Some Eclipse Foundation services are deprecated, or will be soon. Please ensure you've read this important communication.
Bug 332949 - File being edited seems to be stored 8 times in memory
Summary: File being edited seems to be stored 8 times in memory
Status: NEW
Alias: None
Product: TMF
Classification: Modeling
Component: Xtext Backlog (show other bugs)
Version: 2.0.0   Edit
Hardware: PC Linux
: P3 normal (vote)
Target Milestone: ---   Edit
Assignee: Project Inbox CLA
QA Contact:
URL:
Whiteboard:
Keywords:
Depends on:
Blocks:
 
Reported: 2010-12-20 09:47 EST by Mark Christiaens CLA
Modified: 2012-11-19 08:44 EST (History)
5 users (show)

See Also:


Attachments
Dump of profiling results (190.67 KB, text/html)
2010-12-20 09:49 EST, Mark Christiaens CLA
no flags Details
Dump of profiling results (442.23 KB, text/html)
2010-12-20 09:50 EST, Mark Christiaens CLA
no flags Details

Note You need to log in before you can comment on or make changes to this bug.
Description Mark Christiaens CLA 2010-12-20 09:47:59 EST
Build Identifier: I20101028-1441

I've opened a moderately sized file (114561 B) and using my profiler I see that there are 8 copies of this file in memory.  In the attachment (DuplicateChars.html) you see the path from the GC roots to the character arrays.  I know that Strings are often backed by the same array but I suspect that this is not the case here since the profiler does seem to pick up on this (see the reference from the "divmod" and "numeric_std" Strings).

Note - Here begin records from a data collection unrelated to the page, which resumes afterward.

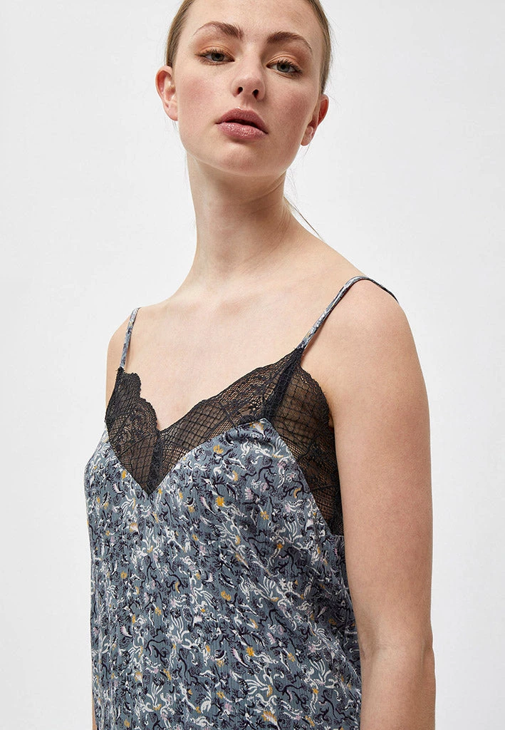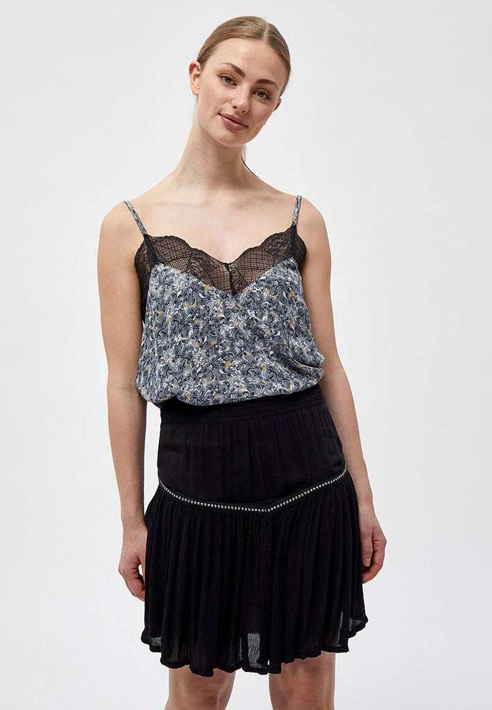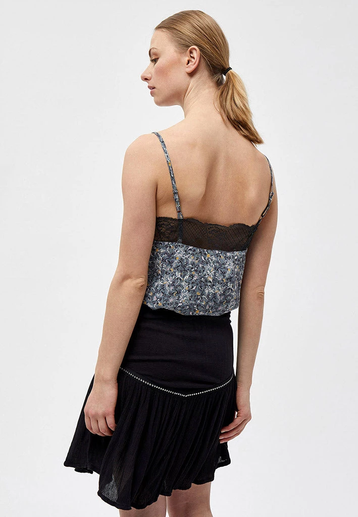 Lovely top with thin straps. The top has a blue color with a nice print. It has lace at the top which makes the top more feminin and beautiful.
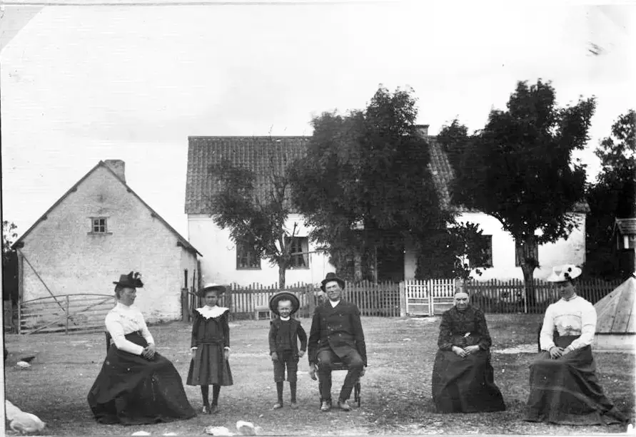 På bilden ser vi familjen Karlsson posera i finkläder framför manbyggnaden. Från vänster ser vi: Lovisa Maria Johansdotter 45 år, dottern Gerda Sigrid Lovisa nästan 8 år, sonen Nils Ragnar Leonard nästan 5 år, maken Karl Karlsson 50 år, modern Anna Lovisa Larsdotter 69 år och okänd kvinna, hon kan möjligen vara Karls brorsdotter Rosa Johanna Maria Karlsson 17 år. Det var Anna Lovisa och hennes man Johan som uppförde manbyggnaden i bakgrunden 1874, ett likadant hus som byggdes på Karls föräldragård Kauparve året före.
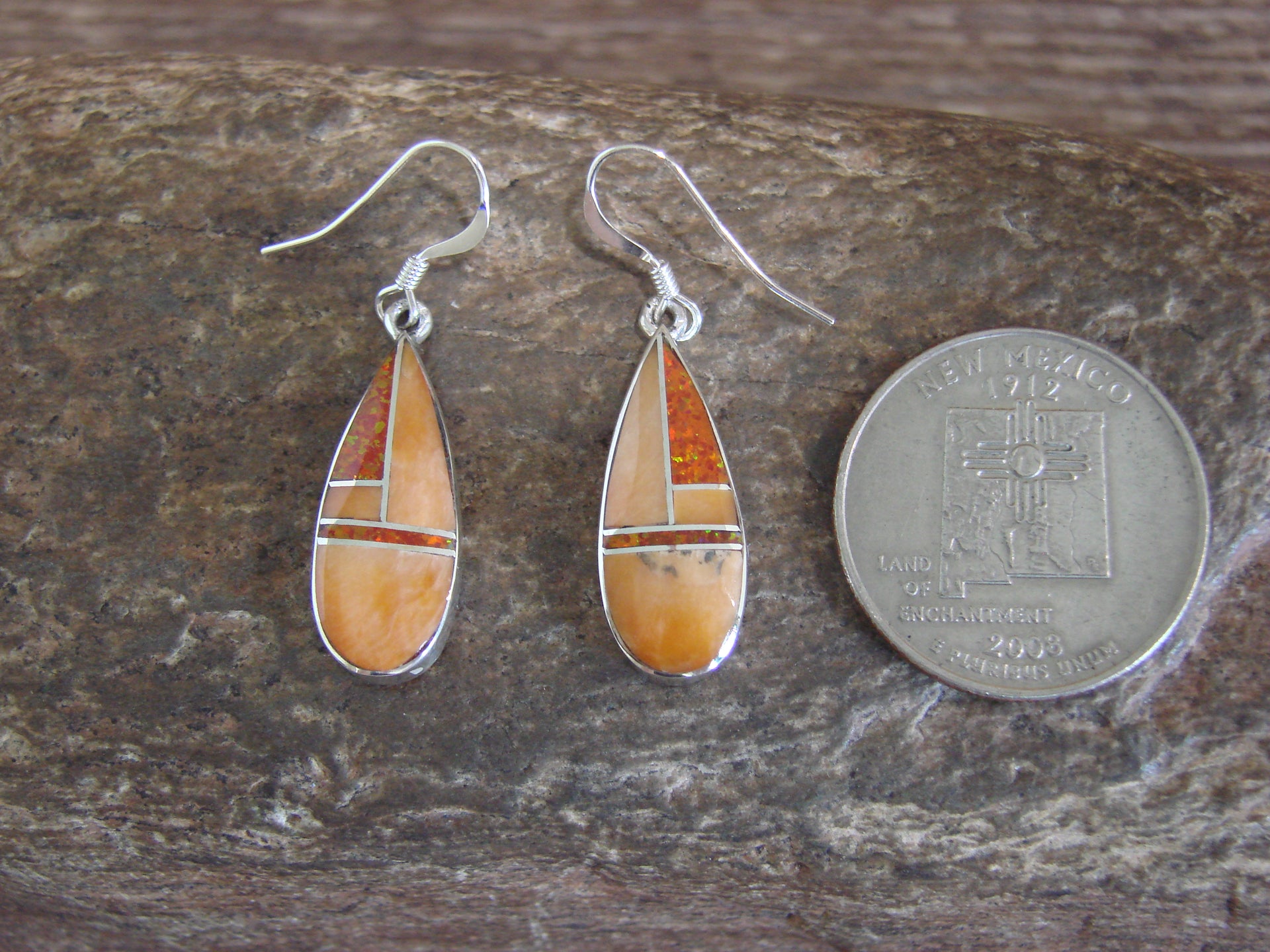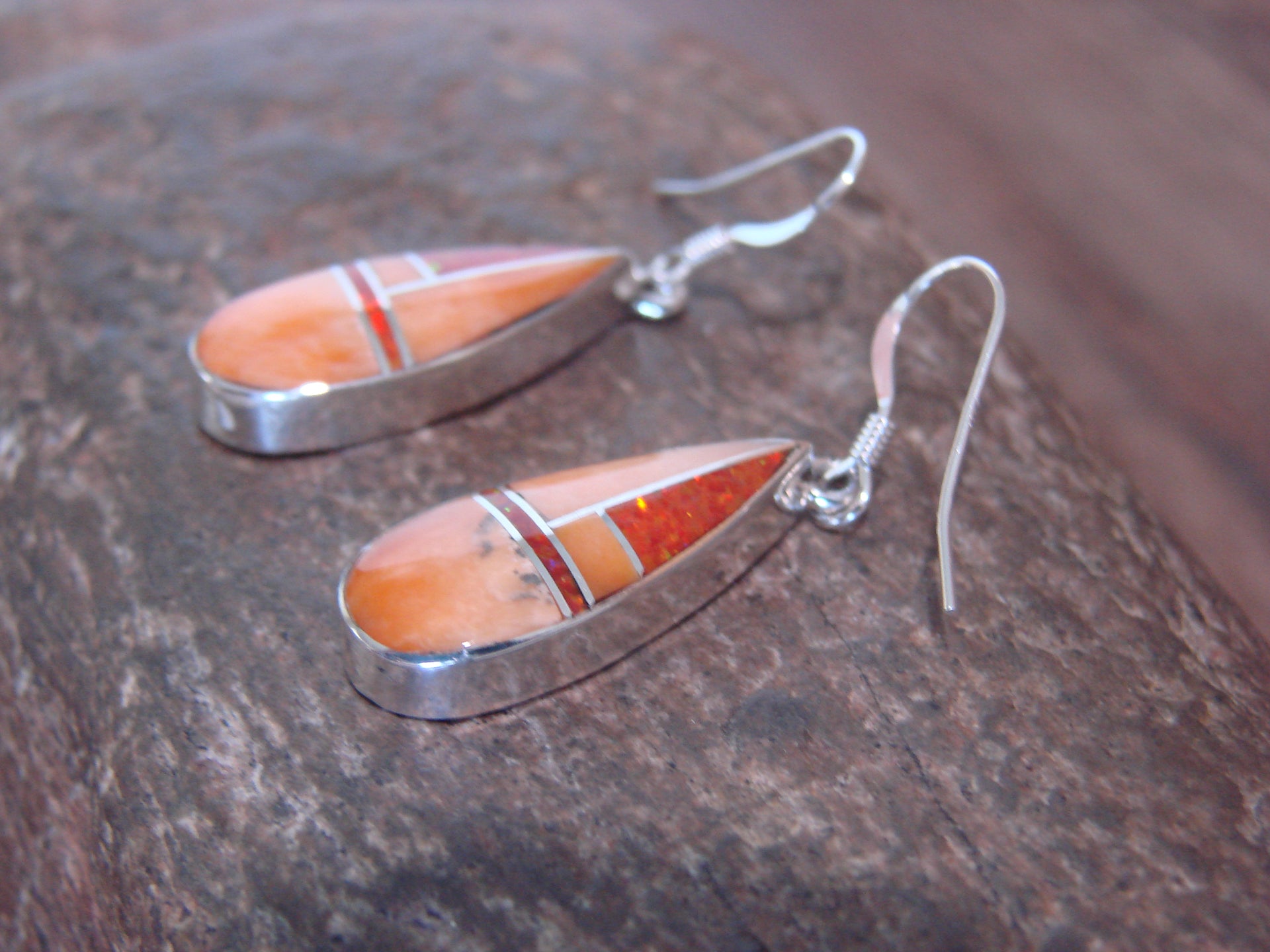 Genuine Native American Navajo Indian Handmade Sterling Silver & Spiny Oyster Inlay Dangle Earrings from Western New Mexico. These earrings feature Beautiful Spiny Oyster and lab opal stones intricately inlaid into a Smooth Sterling Silver dangling. The earrings are polished smooth with a shiny finish. Handmade by Navajo Artist James Manygoats. Signed "JM" and Stamped "Sterling" on the back. Free shipping and gift box included!

I'm testing with files up to 2 MB.  That would result in 4 MB per to store on copy (Chars are 2 B).  That times 8 is 32 MB.  Quite a lot. 

In the same vain I see 16 large ConcurrentHashMaps (CHMHashEntry.html) that are identical according to the profiler.  I don't get yet what they are for but to me they are smelly.  You may want to take a look at those. 

Reproducible: Always
Comment 1 Mark Christiaens CLA 2010-12-20 09:49:44 EST
Created attachment 185545 [details]
Dump of profiling results

Note that I did remove part of the string representing the file content.  If not, this HTML would have been over a MB.
Comment 2 Mark Christiaens CLA 2010-12-20 09:50:46 EST
Created attachment 185546 [details]
Dump of profiling results
Comment 3 Samantha Chan CLA 2011-02-10 19:00:34 EST
I am seeing the same thing with XText 1.0.2
Comment 4 Sebastian Zarnekow CLA 2011-04-19 10:46:24 EDT
There is not much that can be done about this one with reasonable effort.
A freshly opened editor causes the complete string to be hold 3 times in memory.
There is the dirty state manager, that refers to the content of the resource, the resource's parse result and the last document event that the text viewer refers to.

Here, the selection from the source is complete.